Professor David Wolff teaches the history of Russia at the Slavic-Eurasian Research Center of Hokkaido University. Russian history is the glue that connects all the pieces of Slavic Eurasia, since the long centuries as a great power allowed Russia to extend its influence and control over the whole northern tier of Eurasia. It is the largest country in the world and when it was the Soviet Union, it was even larger. In alternate years, Professor Wolff teaches “Imperial Russian History” from Peter the Great until the Russian Revolution or “Twentieth Century Russia,” with a focus on the Soviet experience. These two courses are open to Hokkaido University graduate students with good English skills, since both of these courses are offered as part of the kokusai kamoku.

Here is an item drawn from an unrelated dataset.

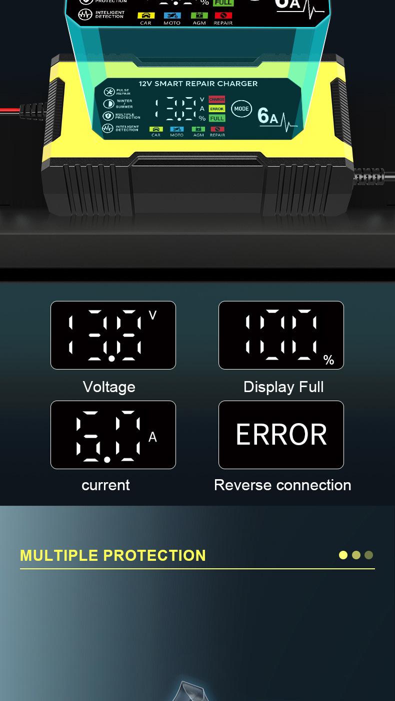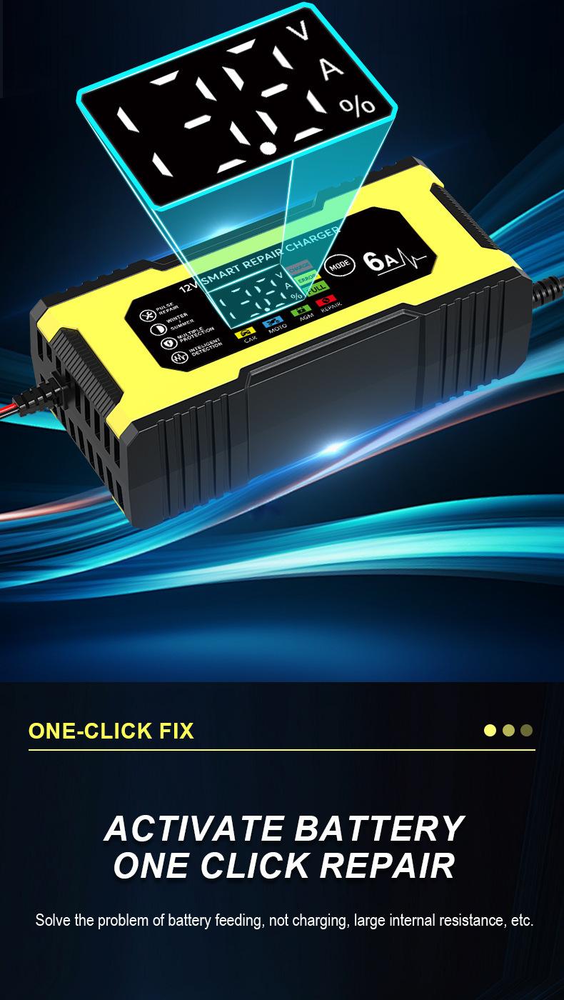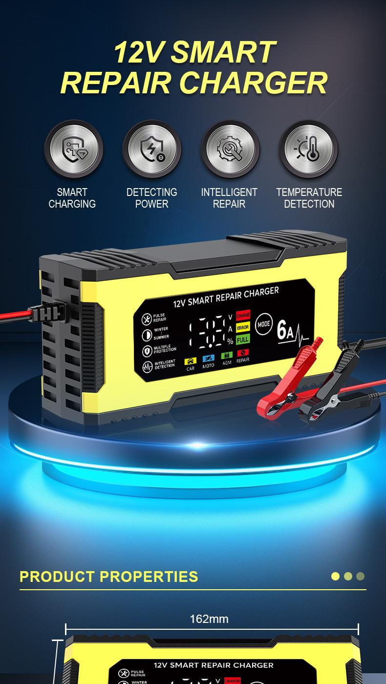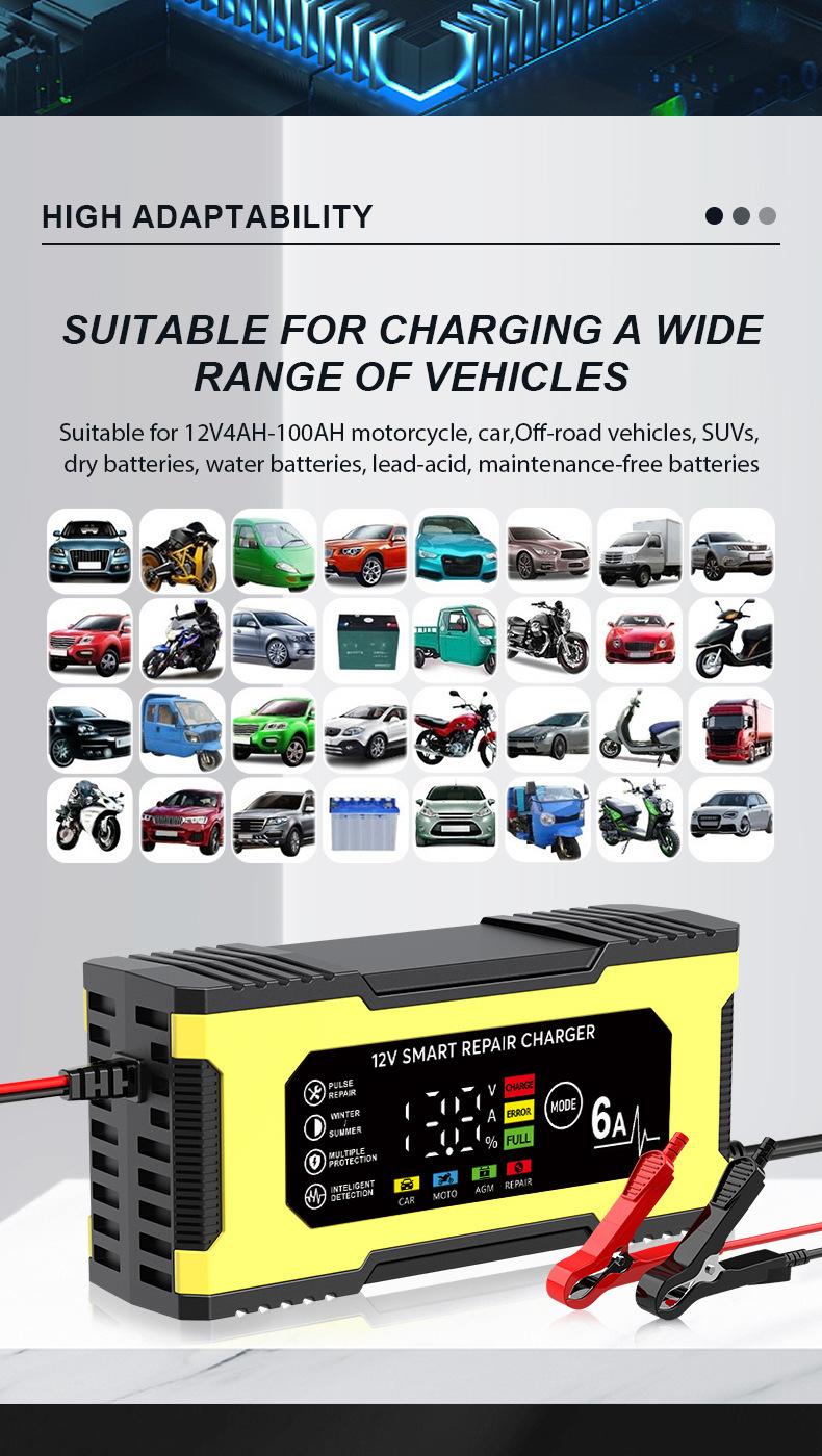 Compre Carregador de bateria de motocicleta 12V6A Carregador de bateria de carro Carregador de bateria de reparo inteligente 12V no atacado no Joom.pro

Professor Wolff believes that it is important for every student to learn to think historically. This means learning to put events and processes into logical order to make clear which forces create which outcomes. Not only will historical thinking teach students to understand what is happening in the newspaper, but it will also teach students how to recognize when important information is missing in the newspaper. Historians learn how to fill in the blanks, both in the past and the present. We collect many materials, but we can never collect them all.

For students who wish to get a taste of what it means to think like a historian, I recommend reading E. H. Carr’s book What is History? Professor Carr was a British diplomat, who later became the first great specialist on the Soviet Union. He thought a lot about the relationship between the past and the present and the future. Does the past determine the present? Does the present influence how we write the past? Can we predict the future at all? By reading his book, you too can understand the connections between history, politics and philosophy.